The West End landlord reported a ‘high’ number of customers on its estate, including parts of Chinatown and Covent Garden.
The company said sales at shops, bars and other tenant-run businesses so far in the second half of the year were 16 percent higher than in 2019.
Sales were also 12 per cent higher than last year, when rail strikes and energy bill concerns put many consumers off spending in the West End in the run-up to Christmas.
CEO Ian Hawksworth said: ‘Our excellent performance has continued into the second half, with a strong start to the Christmas trading period. The West End is one of the most vibrant destinations in the world with an unparalleled concentration of entertainment and cultural attractions.”
Buzzing: Shaftesbury reported ‘high’ numbers of customers on the estate, including parts of Carnaby St (pictured), Chinatown and Covent Garden
It comes as retailers including Ikea and Kurt Geiger have committed to new stores in nearby Oxford Street, fueling hopes a turnaround is on the horizon. Last week HMV reopened its flagship store on Oxford Street after a four-year absence, as bosses welcomed the area’s revival.

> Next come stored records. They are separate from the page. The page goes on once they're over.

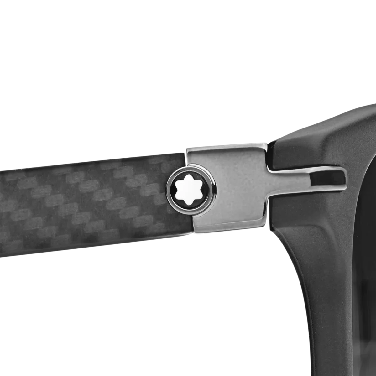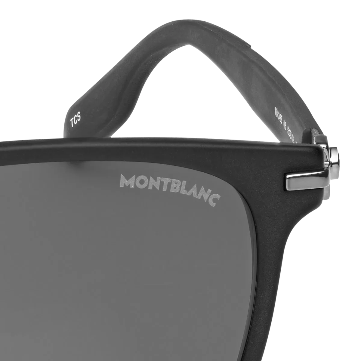 Entdecken Sie alle Details der eckigen Sonnenbrille mit schwarzem Acetatrahmen. Kaufen Sie online im offiziellen Montblanc Store.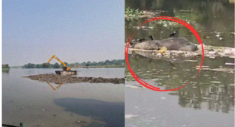 छठ पूजा के लिए गोमती के घाटों की सफाई का काम चल रहा है। कुड़िया घाट की सफाई के लिए भी जेसीबी लगाई गई है, लेकिन ये जेसीबी नदी के किनारों से सिल्ट निकालकर उसे गोमती के बीचोबीच डाले दे रही है जैसे कि वह नदी के समतलीकरण का काम कर रही हो। इसी तरह से कैटल कालोनी से मरी हुई भैंस को गोमती में प्रवाहित कर दिया गया है। भैंस पानी में उतरा रही है और आसपास के इलाकों में दुर्गन्ध फ़ैल रही है, जबकि दो दिन बाद छठ पूजा है।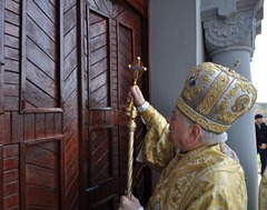 Ceremonia religioasă a început la orele 10.30 cu oficiul sfinţirii apei, după care a urmat binecuvântarea bisericii, prin stropirea cu apă sfinţită, ungerea zidurilor exterioare cu sfântul şi marele mir, în formă de cruce şi binecuvântarea Crucii luminoase de iubire aflată în faţa bisericii.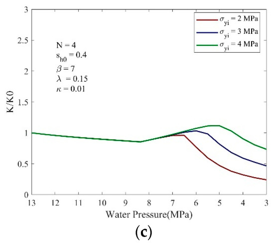 As shown by Equation (30), there are eight parameters that relate compaction and hydrate dissociation to permeability. The initial intrinsic permeability of the host sediment Ks0 is set to be 100 millidarcies. The initial porosity n0 is 0.418. The parameters a and b equal 20.1 and 1, respectively, provided by Uchida et al. [53]. Different values of initial hydrate saturation sh0 (0, 0.4 and 0.8) are chosen in the range of the real test data obtained from HBS samples obtained from the Nankai Trough site [53].

Shaftesbury Capital was formed in March from a £5 billion merger between landlords Shaftesbury and Capital and Counties.
The merged company’s portfolio consists of 670 buildings, including shops, offices and restaurants.
Shares rose 3.7 percent, or 4.3p, to 120.7p yesterday.

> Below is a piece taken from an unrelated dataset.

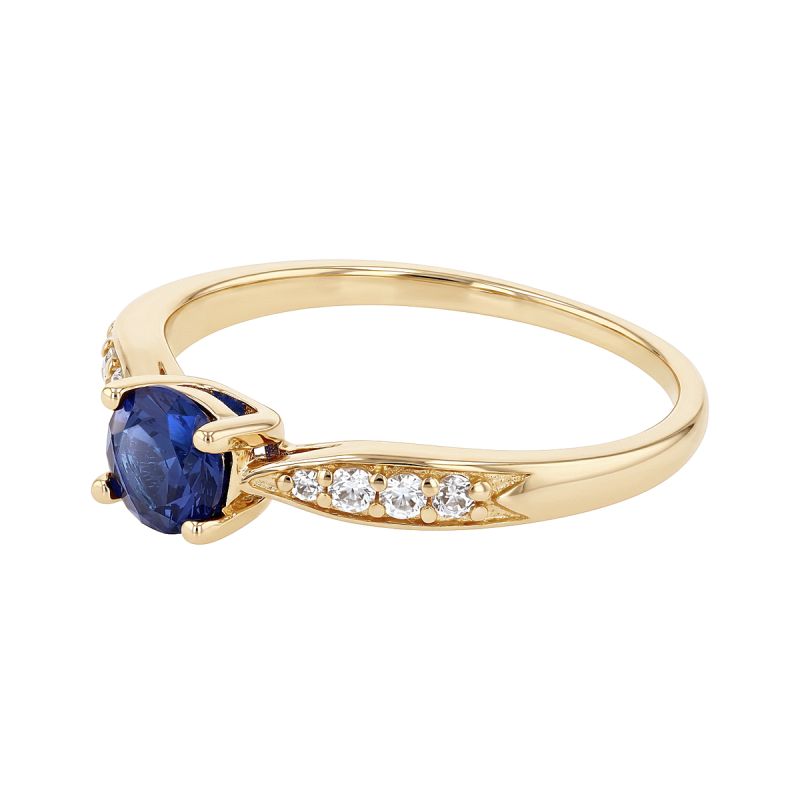 La pièce maîtresse de cette bague est un oxyde de zirconium bleu saphir, taillé en facettes pour capturer la lumière avec une profondeur remarquable. Maintenue par un serti à quatre griffes robustes, la pierre dévoile une couleur intense qui évoque la noblesse des gemmes précieuses. Ce point focal est magnifié par un travail délicat sur les épaules de la monture.

But the boom has not been felt by retailers everywhere, as Britons continue to feel the pressure.
Elsewhere, figures painted a miserable scene on the High Street as lobby group the CBI said November sales were down on last year.
The report also shows that retailers expect sales to fall for the eighth month in a row in December and will not meet ‘seasonal standards’.
A separate survey of 1,000 consumers by business consultancy RSM UK found that families plan to spend 13 per cent less at Christmas this year.
And 26 percent of consumers planned to use a form of credit – such as the buy now, pay later service – to finance their festive spending.
And according to a report from Barclaycard, Black Friday sales volumes were 0.6 percent lower than last year.
Susannah Streeter, head of money and markets at Hargreaves Lansdown, said: ‘Despite retailers’ best efforts to fill their inboxes with promotions and offer in-store offers, Black Friday is likely to have left them a little glum.
‘There is a chance that more bargain hunting in the run-up to the big weekend will have boosted sales overall, but shoppers are clearly very vigilant about price.’
Jacqui Baker, head of retail at RSM UK, said: ‘Families are having to make difficult decisions this year as the cost of living continues to rise.
“Retailers will have to work hard to encourage consumers to spend, potentially extending discounts through December to shift inventory before the end of the Golden Quarter.”